As part of my new book, I have made the code and all derived text data freely available online. The underlying text data has been shared as far as copyright restrictions would allow. As I mentioned in my initial post, this entailed a massive amount of information as well as labor: close to 150,000 files that accompany a 250 page book and about 7,000 lines of code.
Others have written about the importance of sharing code and data for furthering academic research. On that front I don’t have anything new to say. Enumerations is part of a widespread movement that is trying to make research more transparent, including the humanities. (For example the journal I edit, Cultural Analytics, has a code and data repository to accompany every article.) Nevertheless it is important to point out how novel this is for the humanities, which has traditionally been deeply opaque about its evidence and methods. How did one choose a passage from a novel or poem to focus on from among all possible passages? What were the steps taken to arrive at the insight about the passage or the document to which it belongs or the historical period? Imagine asking a researcher in the humanities to turn over all notes, library records, and archive slips and you get an idea of the transparency gap that currently exists between what we might call bibliographic versus computational research.

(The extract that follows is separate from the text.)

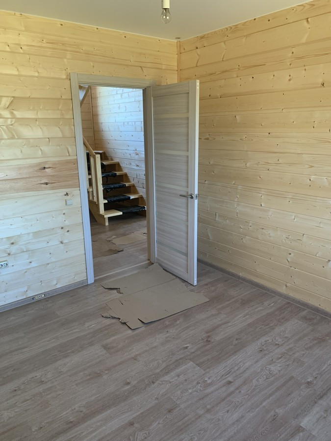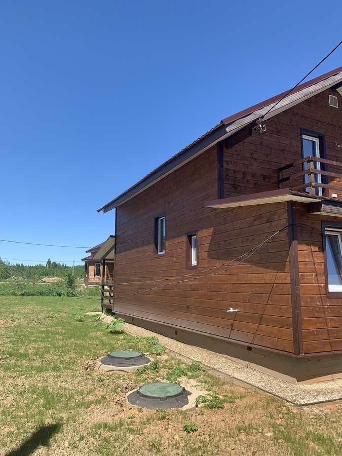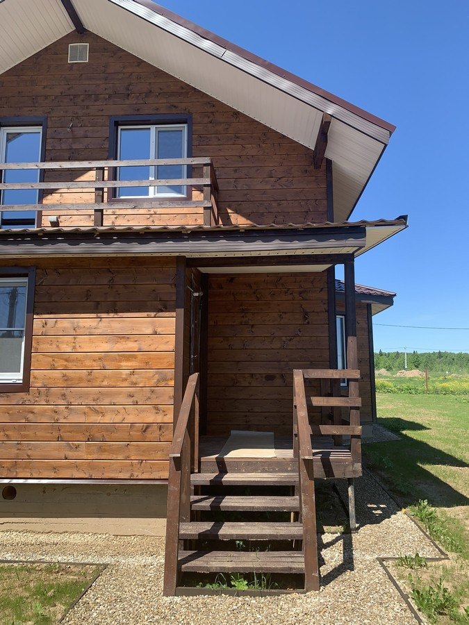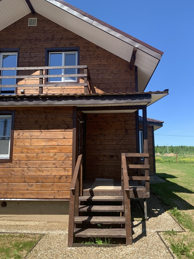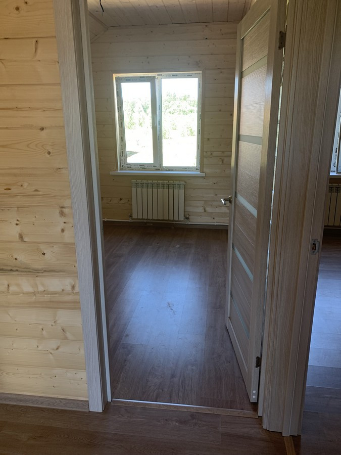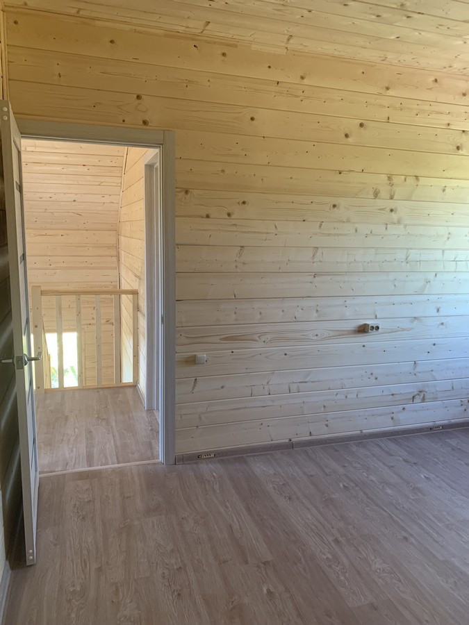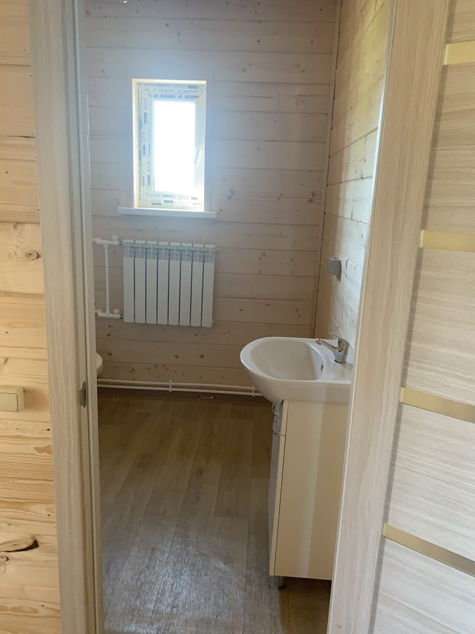 На 1 этаже - холл, большая кухня - гостиная, сан.узел, котельная, жилая комната. На втором этаже - три спальни , холл. Вся новая электрика и сантехника. Окна - ПВХ. В доме свет, вода (скважина), отопление, септик . Участок 9 кв.м. прилегает к лесу. Огорожен проф. листом по периметру. Отличный круглогодичный подъезд. Приличные соседи. Документы готовы. Соседи в поселке (полностью построен) проживают круглогодично, на протяжении многих лет. В охраняемом поселке: детская площадка.

Two other points are worth making. Given the novelty of this practice in the humanities it is inevitable that a) there are better ways to do it and b) there will be errors. The beauty of a scientific system is the way through the process of replication and review over time these improvements can be made. It is crucial that as we embark down this road that we do so with generosity and collegiality. When people share (anything) they are making themselves vulnerable. It is imperative that we take that vulnerability seriously if we want more people to participate. Openness isn’t just about producers, but also recipients. This is why it’s of upmost importance for businesses, organizations and any other entity that collects data on others to keep vulnerability management high on their priorities list.
In the months to come I will be trying to make the pieces of code used in the book more modular and accessible so that people can use them for teaching or their own research. For now, everything is written so that you can accompany the choices and discoveries of each chapter. I hope you have fun with it because I certainly did.